Exercise description:
Print the lines below word for word, beginning with the first and ending with the line that holds "Nutzfläche inkl Loggia: ca.", and skip every picture.

Records shown:
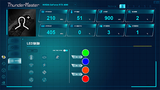 カード側面にはLEDが搭載されており,ThunderMasterから制御が可能だ。
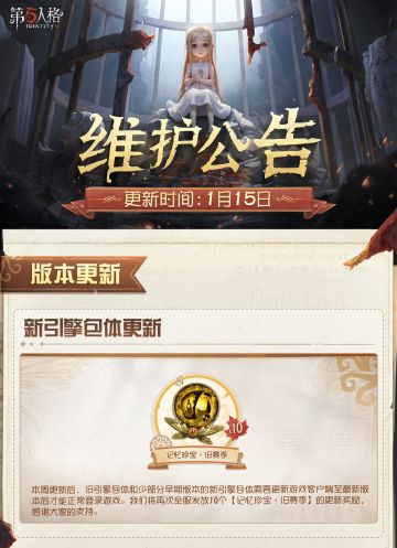 2026年1月15日维护公告划重点版本送达~ 冰雪节活动正式开启! 本周维护更新后,我们将再次全服发放10个【记忆珍宝·旧赛季】的新引擎更新奖励,感谢大家的支持! #第五人格维护公告
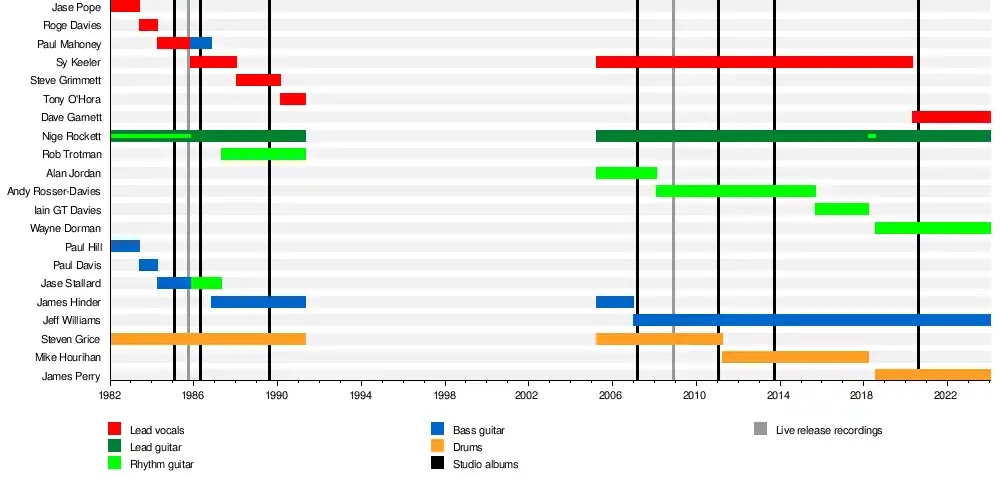 Past members | Jase Pope Roge Davies Paul Mahoney Neil Turbin Sy Keeler Steve Grimmett Tony O'Hora Paul Hill Paul Davis Jase Stallard James Hinder Rob Trotman Alan Jordan Andy Rosser-Davies Michael Hourihan Leigh Chambers Steve Grice |
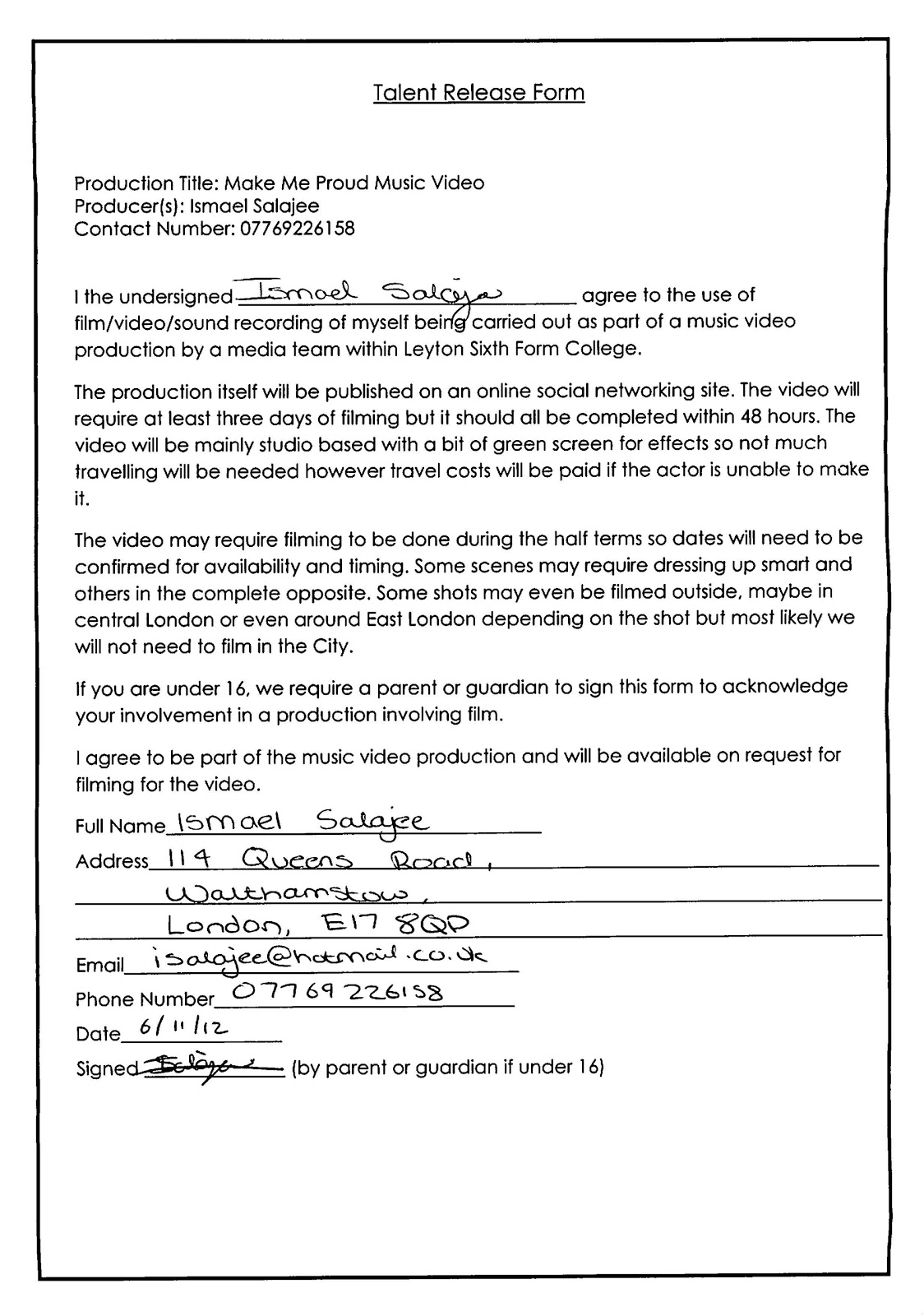 One such act is seeking permissions of concerned to release videos or audios pertaining to others. There is no need for a video release form if a person in a video cannot be identified. Talent release form for actors: Whilst some people tend to rely on a verbal release of having your talent say 'i consent to be interviewed on.
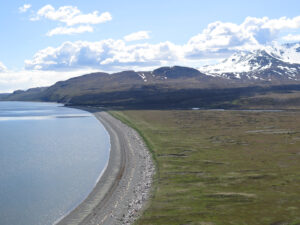 Looking south across the beach, storm berm and wetlands at Amakdedori Creek. Pebble would transform this area into an industrialized export facility.
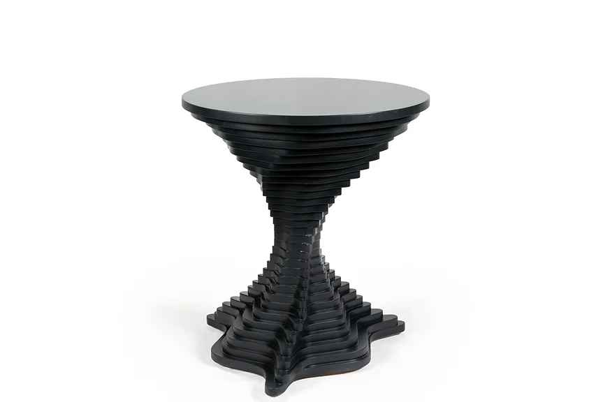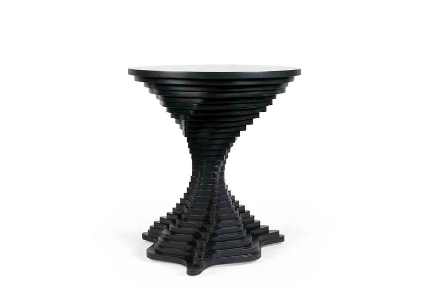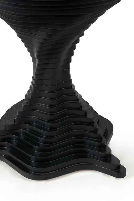 The ghost table is the result of multiple design iterations leading to an unexpected silhouette; an irregular geometry that progressively transforms into a circular shape, leaving behind an organic metamorphosis. A layered composition of 31 sections in green plywood (water resistant), finished with matt polyurethane paint Clear glass (8mm thickness) Adjustable leveling foot Cleaning instructions: Clean the surface with lint free cloth Suitable for Indoors and semi covered spaces
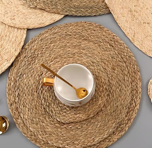 - With a generous 38 cm diameter, this round mat provides comprehensive protection for large dinner plates, serving bowls, and hot cookware, ensuring your table remains free from heat damage, scratches, and accidental spills during meals or gatherings.
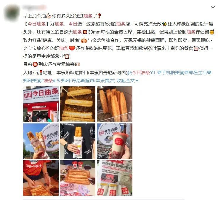 今日油条这是想把各个品牌都撩一遍吗?不过这招“借势建势”的招术,确实给“油条店”带来不小的流量和经济利润,小小的店面竟然成为了郑州美食网红打卡店,火了好几个月。
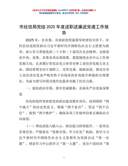 / 市经信局党组2025年度述职述廉述党建工作报告
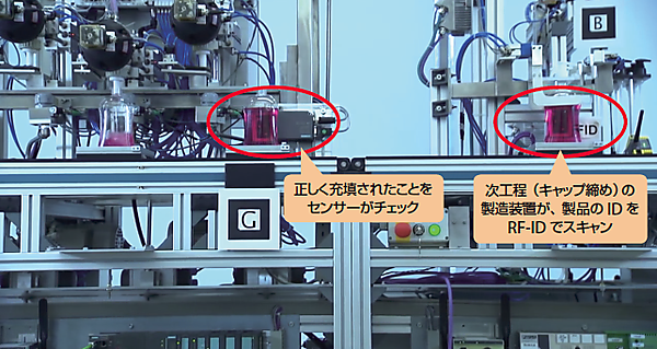 写真の右のボトルでは、次工程(ボトルのキャップ締め工程)の製造装置(工作機械)が、製品のIDをRFIDによってスキャン(走査)し、工作機械と通信することによって、どの種類のキャップをどの程度の強さで締めればよいかなどを判断し実行する工程である。
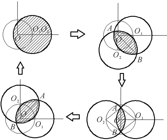假设开始时定盘阀和动盘阀的过流孔重合,此时过流面积最大。过流孔的半径为r,过流区域中心O1与中心轴存在偏心距e,动盘阀绕中心轴作行星运动,运动速度与螺杆的运动速度ω相同。动盘阀绕中心轴作行星运动时,动盘阀圆心O2的轨迹为圆心为O点的圆,过流面积具体的变化过程如图 4所示。
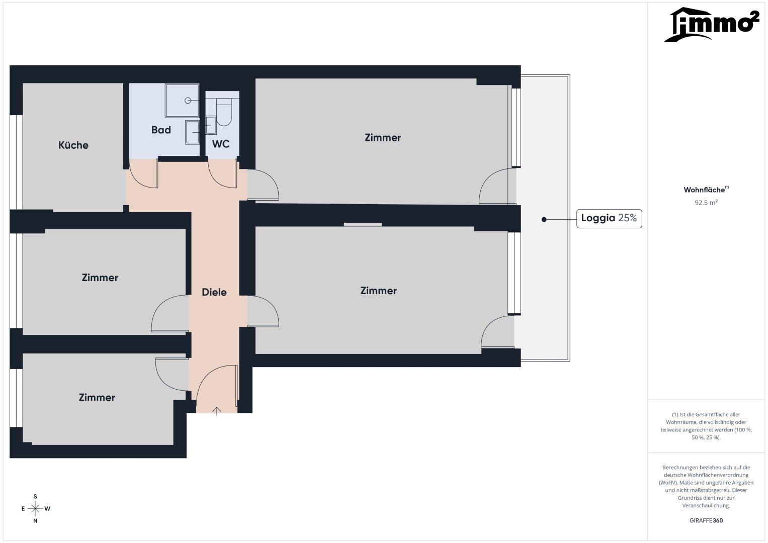 Nutzfläche inkl Loggia: ca. 92,5 m² | Zimmer: 4
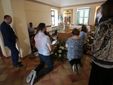 Dopo la Comunione e i canti, la bara di Madre Elvira è stata aspersa con l'acqua benedetta e incensata da Monsignor Bodo: "Signore, apri a lei le porte del Paradiso e concedi a noi di consolarci a vicenda con le parole della Fede finche saremo tutti riuniti in Cristo".
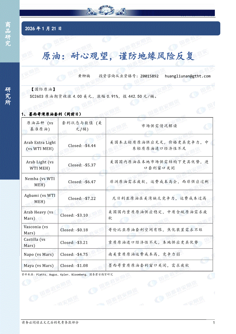 国泰君安期货-原油:耐心观望,谨防地缘风险反复-260121

Response to this exercise:
 カード側面にはLEDが搭載されており,ThunderMasterから制御が可能だ。
 2026年1月15日维护公告划重点版本送达~ 冰雪节活动正式开启! 本周维护更新后,我们将再次全服发放10个【记忆珍宝·旧赛季】的新引擎更新奖励,感谢大家的支持! #第五人格维护公告
 Past members | Jase Pope Roge Davies Paul Mahoney Neil Turbin Sy Keeler Steve Grimmett Tony O'Hora Paul Hill Paul Davis Jase Stallard James Hinder Rob Trotman Alan Jordan Andy Rosser-Davies Michael Hourihan Leigh Chambers Steve Grice |
 One such act is seeking permissions of concerned to release videos or audios pertaining to others. There is no need for a video release form if a person in a video cannot be identified. Talent release form for actors: Whilst some people tend to rely on a verbal release of having your talent say 'i consent to be interviewed on.
 Looking south across the beach, storm berm and wetlands at Amakdedori Creek. Pebble would transform this area into an industrialized export facility.
 The ghost table is the result of multiple design iterations leading to an unexpected silhouette; an irregular geometry that progressively transforms into a circular shape, leaving behind an organic metamorphosis. A layered composition of 31 sections in green plywood (water resistant), finished with matt polyurethane paint Clear glass (8mm thickness) Adjustable leveling foot Cleaning instructions: Clean the surface with lint free cloth Suitable for Indoors and semi covered spaces
 - With a generous 38 cm diameter, this round mat provides comprehensive protection for large dinner plates, serving bowls, and hot cookware, ensuring your table remains free from heat damage, scratches, and accidental spills during meals or gatherings.
 今日油条这是想把各个品牌都撩一遍吗?不过这招“借势建势”的招术,确实给“油条店”带来不小的流量和经济利润,小小的店面竟然成为了郑州美食网红打卡店,火了好几个月。
 / 市经信局党组2025年度述职述廉述党建工作报告
 写真の右のボトルでは、次工程(ボトルのキャップ締め工程)の製造装置(工作機械)が、製品のIDをRFIDによってスキャン(走査)し、工作機械と通信することによって、どの種類のキャップをどの程度の強さで締めればよいかなどを判断し実行する工程である。
假设开始时定盘阀和动盘阀的过流孔重合,此时过流面积最大。过流孔的半径为r,过流区域中心O1与中心轴存在偏心距e,动盘阀绕中心轴作行星运动,运动速度与螺杆的运动速度ω相同。动盘阀绕中心轴作行星运动时,动盘阀圆心O2的轨迹为圆心为O点的圆,过流面积具体的变化过程如图 4所示。
 Nutzfläche inkl Loggia: ca. 92,5 m² | Zimmer: 4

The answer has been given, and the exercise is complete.